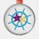 Ship wheel with a yellow and purple starfish in the center. Cute nautical theme ornament
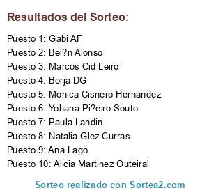 Lista de participantes: Dany Katiuskas, Alba Perez Otero, Angela Fontan Sanmartin, Silvia P. Pi?eiro, Nando Pan, Maria Aguete, Nuria Iglesias, Montserrat Franco Perez, Enrique Lage Mora?a, Fini Rodr?guez Ferre?o, Otero Duran Conchi, Erica JC, Merchy Quinteiro Garc?a, Ro P. Pi?eiro, Perfe Salgado Rodriguez, Patricia Suarez Veiga, Noli Quinteiro, Antonia Corbacho, Lucia Alende Ferreiro, Montse Moreno, Elena Romero, Bel?n Alonso, Isa Otero Abad, Yasmina Troncoso, Angeles Pereira, Yohana Pi?eiro Souto, Marcos Otero Otero, Ana Bel?n Martinez, Silvana Portela, Inma Mora?a, Cris Peleteiro Ruzo, Deby Estevez, Veronica Lopez de Castro, Jose Luis Aldao, Jose Carlos Cabeceiro Castro, Vanesa Ferrer Galban, Rosa PFez, Nuria Meis, Alicia Martinez Outeiral, Rafa Merino, Teresa Benavides Arias, Ana Mar?a Castro, Ana Lago, Loly Villa Pe?a, Aurora Migu?ns, Sara Abilleira Crespo, Marcos Cid Leiro, Vero Rodriguez, Gabi AF, Sara C. Guill?n, Miryam Boullosa Magari?os, Noem? Quintas Rodr?guez, Tere Gonzalez Gomez, Susana Pazos Novo, Richi Pi?eiro, Criss Amoedo Mendez, Lorena TG, Marta Lopes Ferreira, Ana Lorenzo Dios, Jose Fernandes, Blanca S?nchez Dios, Beatriz Estevez Villaverde, Borja DG, Estela Fontesfonti?as, Lourdes Maria Peon Casalderrey, Paula Landin, Rita Casalderrey Tores, Oscar Arosa Lorenzo, Josefina Palmieri, Monica Cisnero Hernandez, Paula Pazos, Lorena Soneira Villar, Carla Beloso, Vane Ber, Noemi Poceiro Argibay, Rouss Caeiro Pais, Jose Antonio Hermida Castro, Marisa Sousa Perez, Pili Crespo, Luc?a Re, Joseline Genesis Aguilar Paladines, Esther Alvarez, Lorena Abreu, Pilar Lamas Salceda, Susana Rey, Rosa Mar?a Blanco Nogueira, Mariana Pereira, Victor Souto Lusqui?os, Alejandra Garrido, Patricia Aboal Fernandez, Daniel Ferrad?s Villaverde, Andrea Mandado, Miguel Alonso Lorenzo, Mar?a Fari?a Cervi?o, Roxana Nanin, Alba Sobral Santiago, Marisol Garc?a Esper?n, Francisco Mu?iz, Ana Bela Cambados, Nadia Golly, Carmen Gandara, Cinco Estrellas, Cris Silva, Maria Silva Martinez, Natalia Glez Curras, Vanesa Oeo Piay, Ana Esteban, To?i Vazquez, Pilar Montes Paz?, ?ngela Chantrero Poceiro, Tania Rodr?guez Mart?nez, Lorena Varela, Beatriz Garcia, Aia Moreira Barreiro, Jos? Antonio Puente, Mar?a Mariscal, Ariadna Mendez, Jose Manuel Gonzalez Casalderrey, Mar?a Jos? Pita, Chus Casal, Xabi Black Rebel.
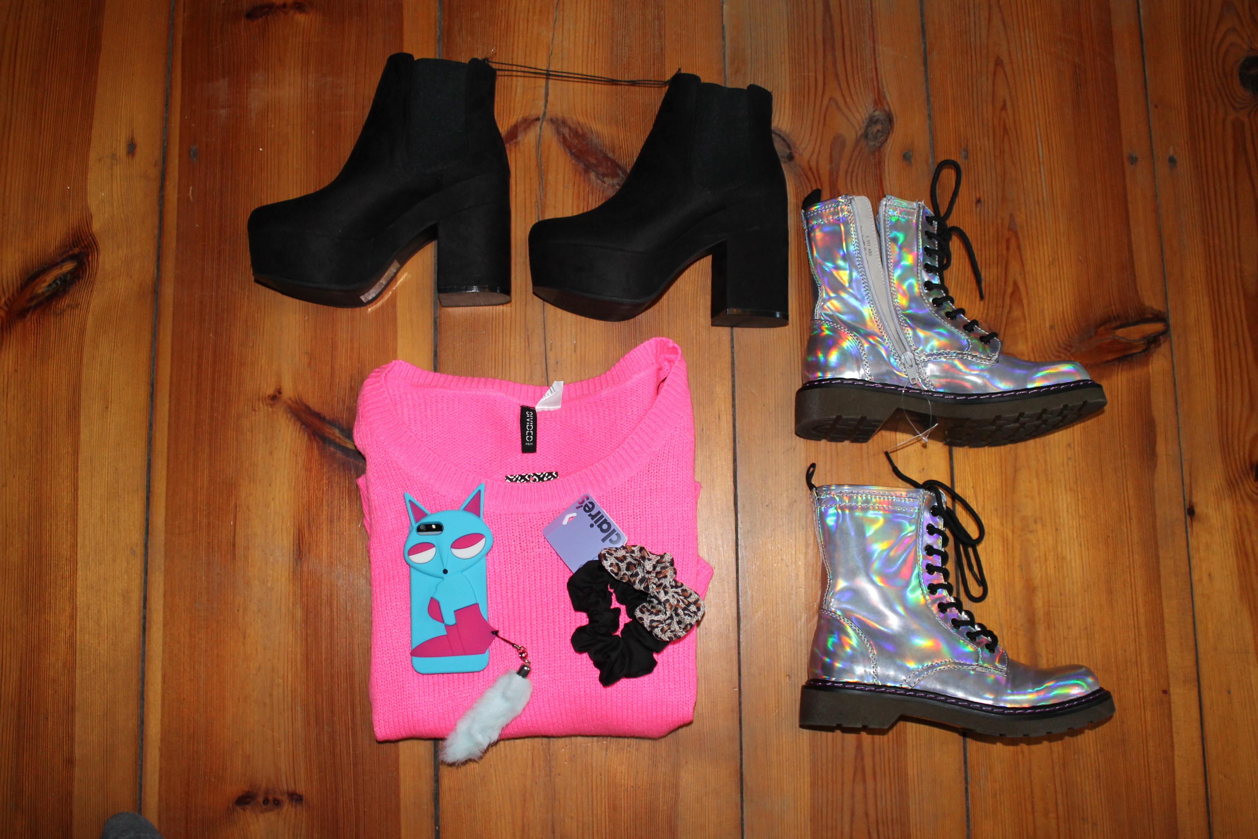The November starts just typical: gray and rain. So I decided to buy PINK and shiny ‚hologram‘ shoes…so maybe I’ll shine like the sun. The black h&m plateau boots are high, but comfortable and easy to wear for me through the plateau.
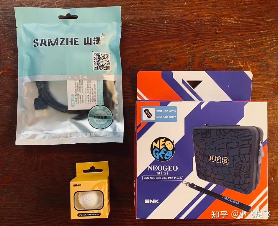 赠品一共三样: 2M HDMI线 (实用),摇杆球硅胶套 (实用),NEOGEO手柄收纳包 (感动)
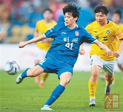 4月12日,“楚超”第一轮比赛中,荆州恒隆队球员(左)在比赛中射门。 新华社记者 伍志尊摄
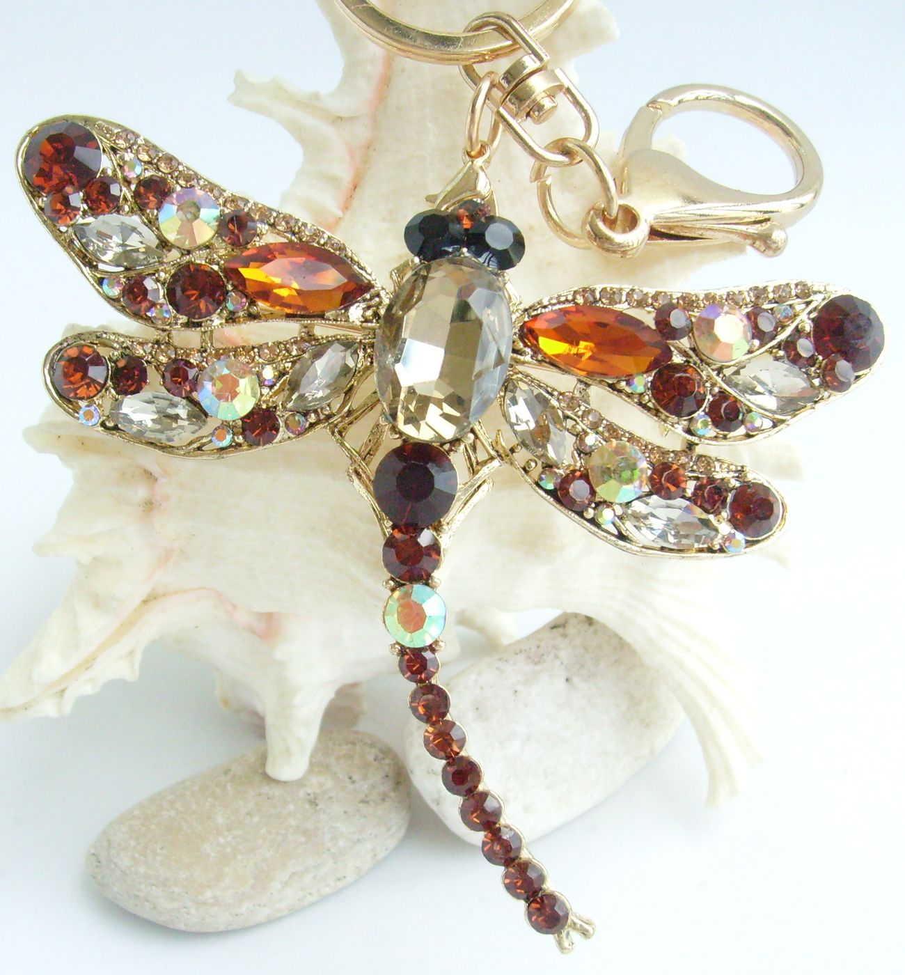 Sindary Pretty Insect Dragonfly Keychain Pendant Rhinestone Crystal KP05684 (Gold-Tone Brown) 50g
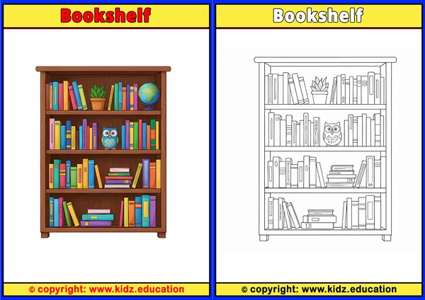 Bookshelf - Printable Coloring Page for Kids
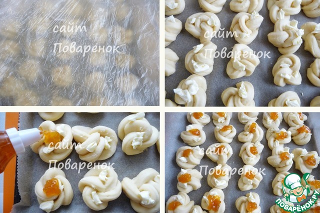 На заготовки выложить сливочное масло по краям, джем в центр.
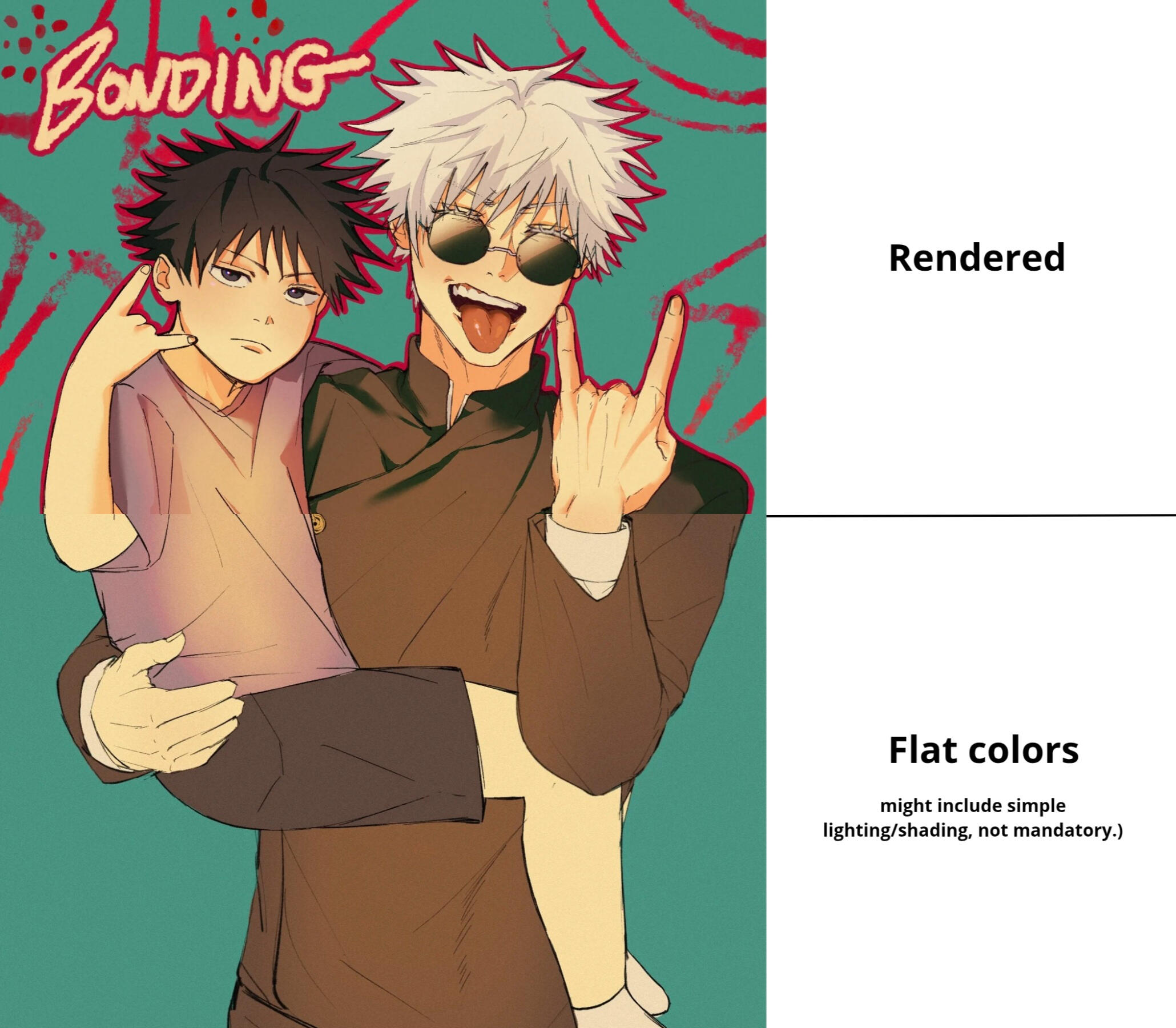 single characters only are for half the price.Backgrounds may vary in price depending on complexity, estimated value starts at USD 20. Simple flat color backgrounds have no extra charge.For artworks with more than two characters, additional fees apply per extra character (depending on format):
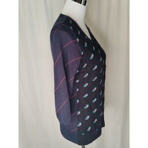 Moth Anthropologie cardigan pinstripe fox foxes pattern vest navy red black retro in fair pre-owned condition with no holes, no stains, and considerable pilling.
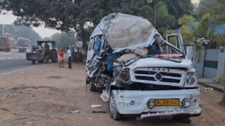 തടി ലോറിയും ട്രാവലറും കൂട്ടിയിടിച്ചുണ്ടായ അപകടത്ത...
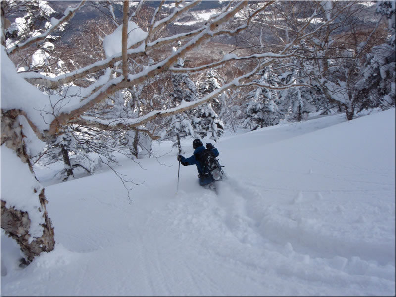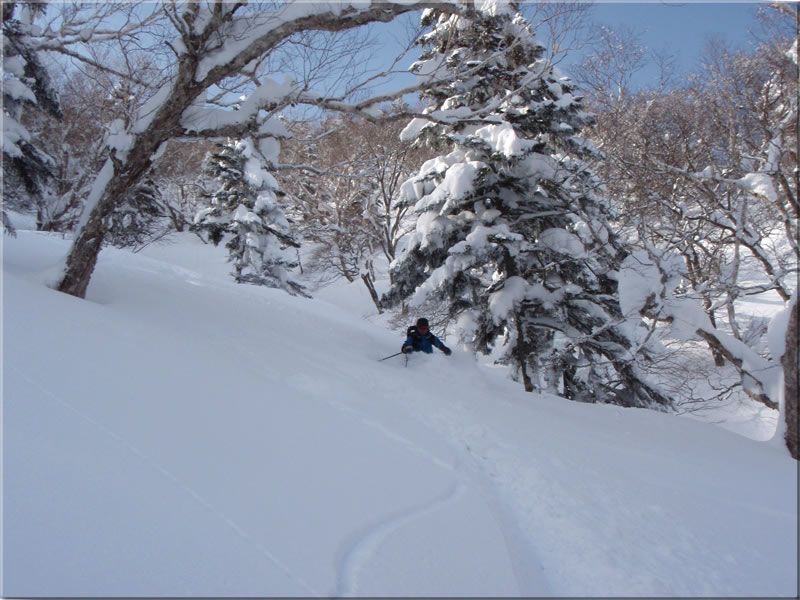 後半はパウダーが膝程度となり、とても滑りやすく感じました。また広葉樹の森ということで日差しが弱く、雪もほとんど重くなっていなくて気持ち良いさらさらパウダーのままでした。
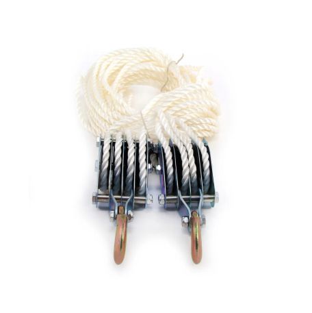 Полиспаст предназначен для увеличения силы прилагаемой для подъема или перемещения груза. Принцип работы полиспаста основан на действии блока и рычага. Полиспаст состоит из 2-х монтажных блоков с крюками по 4 ролика, последовательно огибаемых канатом длиной 20 м. Усилие, необходимое приложить к свободному концу каната будет в 8 раз меньше массы поднимаемого груза. При этом, высота подъема груза будет в 8 раз меньше длины каната и составит 2,5 м (20/8=2,5). Скорость подъема или опускания груза снизится за счет увеличения длины выбираемого каната в 8 раз.
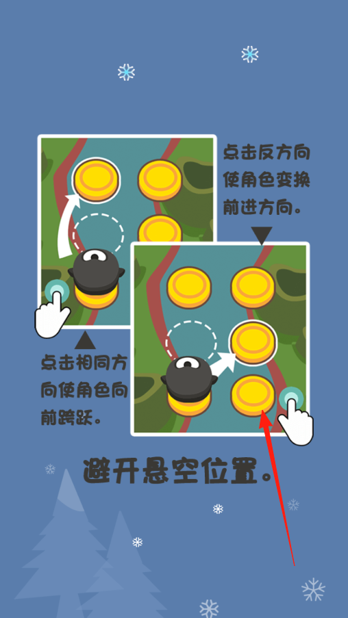2、游戏开局有操作教学,得记住两种点击方式,点相同方向让角色往前跳,点反方向能切换前进方向,跟着提示多练练,避开悬空位置,别让角色掉下去。
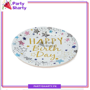 7inches Happy Birthday Multi Star Printed Paper Plates For Birthday Party Decoration & Celebration
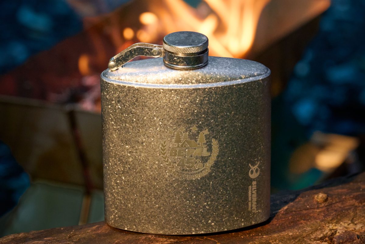 『BE-PAL』45周年記念商品の第一弾は、純チタンを結晶化した「きらきらスキットル」!
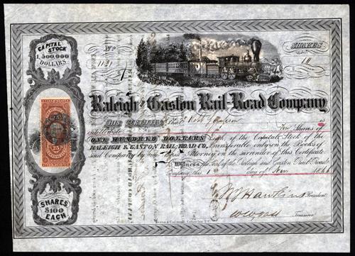 North Carolina. 1866, 10 Shares, #1131, I/U stock certificate, Black border with Locomotive L/R vignette, Revenue stamps attached, VF condition with pin hole on left margin.
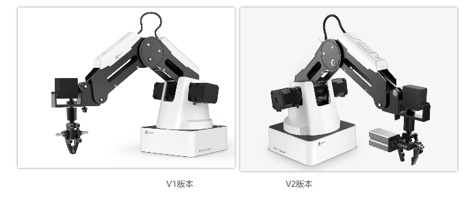 V1 版的大臂和小臂采用連桿的連接方式,V2 版進行了結構設計優化,變更為軸承+連桿,提高了機械臂運行軌跡的精準度,如:激光雕刻,寫字畫畫的軌跡更準確,連續等。

_ _ _ _ _

> **What the task asks**
Without any of the pictures, reproduce the listing above exactly.

> **Your response**
 Ship wheel with a yellow and purple starfish in the center. Cute nautical theme ornament
 Lista de participantes: Dany Katiuskas, Alba Perez Otero, Angela Fontan Sanmartin, Silvia P. Pi?eiro, Nando Pan, Maria Aguete, Nuria Iglesias, Montserrat Franco Perez, Enrique Lage Mora?a, Fini Rodr?guez Ferre?o, Otero Duran Conchi, Erica JC, Merchy Quinteiro Garc?a, Ro P. Pi?eiro, Perfe Salgado Rodriguez, Patricia Suarez Veiga, Noli Quinteiro, Antonia Corbacho, Lucia Alende Ferreiro, Montse Moreno, Elena Romero, Bel?n Alonso, Isa Otero Abad, Yasmina Troncoso, Angeles Pereira, Yohana Pi?eiro Souto, Marcos Otero Otero, Ana Bel?n Martinez, Silvana Portela, Inma Mora?a, Cris Peleteiro Ruzo, Deby Estevez, Veronica Lopez de Castro, Jose Luis Aldao, Jose Carlos Cabeceiro Castro, Vanesa Ferrer Galban, Rosa PFez, Nuria Meis, Alicia Martinez Outeiral, Rafa Merino, Teresa Benavides Arias, Ana Mar?a Castro, Ana Lago, Loly Villa Pe?a, Aurora Migu?ns, Sara Abilleira Crespo, Marcos Cid Leiro, Vero Rodriguez, Gabi AF, Sara C. Guill?n, Miryam Boullosa Magari?os, Noem? Quintas Rodr?guez, Tere Gonzalez Gomez, Susana Pazos Novo, Richi Pi?eiro, Criss Amoedo Mendez, Lorena TG, Marta Lopes Ferreira, Ana Lorenzo Dios, Jose Fernandes, Blanca S?nchez Dios, Beatriz Estevez Villaverde, Borja DG, Estela Fontesfonti?as, Lourdes Maria Peon Casalderrey, Paula Landin, Rita Casalderrey Tores, Oscar Arosa Lorenzo, Josefina Palmieri, Monica Cisnero Hernandez, Paula Pazos, Lorena Soneira Villar, Carla Beloso, Vane Ber, Noemi Poceiro Argibay, Rouss Caeiro Pais, Jose Antonio Hermida Castro, Marisa Sousa Perez, Pili Crespo, Luc?a Re, Joseline Genesis Aguilar Paladines, Esther Alvarez, Lorena Abreu, Pilar Lamas Salceda, Susana Rey, Rosa Mar?a Blanco Nogueira, Mariana Pereira, Victor Souto Lusqui?os, Alejandra Garrido, Patricia Aboal Fernandez, Daniel Ferrad?s Villaverde, Andrea Mandado, Miguel Alonso Lorenzo, Mar?a Fari?a Cervi?o, Roxana Nanin, Alba Sobral Santiago, Marisol Garc?a Esper?n, Francisco Mu?iz, Ana Bela Cambados, Nadia Golly, Carmen Gandara, Cinco Estrellas, Cris Silva, Maria Silva Martinez, Natalia Glez Curras, Vanesa Oeo Piay, Ana Esteban, To?i Vazquez, Pilar Montes Paz?, ?ngela Chantrero Poceiro, Tania Rodr?guez Mart?nez, Lorena Varela, Beatriz Garcia, Aia Moreira Barreiro, Jos? Antonio Puente, Mar?a Mariscal, Ariadna Mendez, Jose Manuel Gonzalez Casalderrey, Mar?a Jos? Pita, Chus Casal, Xabi Black Rebel.
The November starts just typical: gray and rain. So I decided to buy PINK and shiny ‚hologram‘ shoes…so maybe I’ll shine like the sun. The black h&m plateau boots are high, but comfortable and easy to wear for me through the plateau.
 赠品一共三样: 2M HDMI线 (实用),摇杆球硅胶套 (实用),NEOGEO手柄收纳包 (感动)
 4月12日,“楚超”第一轮比赛中,荆州恒隆队球员(左)在比赛中射门。 新华社记者 伍志尊摄
 Sindary Pretty Insect Dragonfly Keychain Pendant Rhinestone Crystal KP05684 (Gold-Tone Brown) 50g
 Bookshelf - Printable Coloring Page for Kids
 На заготовки выложить сливочное масло по краям, джем в центр.
 single characters only are for half the price.Backgrounds may vary in price depending on complexity, estimated value starts at USD 20. Simple flat color backgrounds have no extra charge.For artworks with more than two characters, additional fees apply per extra character (depending on format):
 Moth Anthropologie cardigan pinstripe fox foxes pattern vest navy red black retro in fair pre-owned condition with no holes, no stains, and considerable pilling.
 തടി ലോറിയും ട്രാവലറും കൂട്ടിയിടിച്ചുണ്ടായ അപകടത്ത...
 後半はパウダーが膝程度となり、とても滑りやすく感じました。また広葉樹の森ということで日差しが弱く、雪もほとんど重くなっていなくて気持ち良いさらさらパウダーのままでした。
 Полиспаст предназначен для увеличения силы прилагаемой для подъема или перемещения груза. Принцип работы полиспаста основан на действии блока и рычага. Полиспаст состоит из 2-х монтажных блоков с крюками по 4 ролика, последовательно огибаемых канатом длиной 20 м. Усилие, необходимое приложить к свободному концу каната будет в 8 раз меньше массы поднимаемого груза. При этом, высота подъема груза будет в 8 раз меньше длины каната и составит 2,5 м (20/8=2,5). Скорость подъема или опускания груза снизится за счет увеличения длины выбираемого каната в 8 раз.
2、游戏开局有操作教学,得记住两种点击方式,点相同方向让角色往前跳,点反方向能切换前进方向,跟着提示多练练,避开悬空位置,别让角色掉下去。
 7inches Happy Birthday Multi Star Printed Paper Plates For Birthday Party Decoration & Celebration
 『BE-PAL』45周年記念商品の第一弾は、純チタンを結晶化した「きらきらスキットル」!
 North Carolina. 1866, 10 Shares, #1131, I/U stock certificate, Black border with Locomotive L/R vignette, Revenue stamps attached, VF condition with pin hole on left margin.
 V1 版的大臂和小臂采用連桿的連接方式,V2 版進行了結構設計優化,變更為軸承+連桿,提高了機械臂運行軌跡的精準度,如:激光雕刻,寫字畫畫的軌跡更準確,連續等。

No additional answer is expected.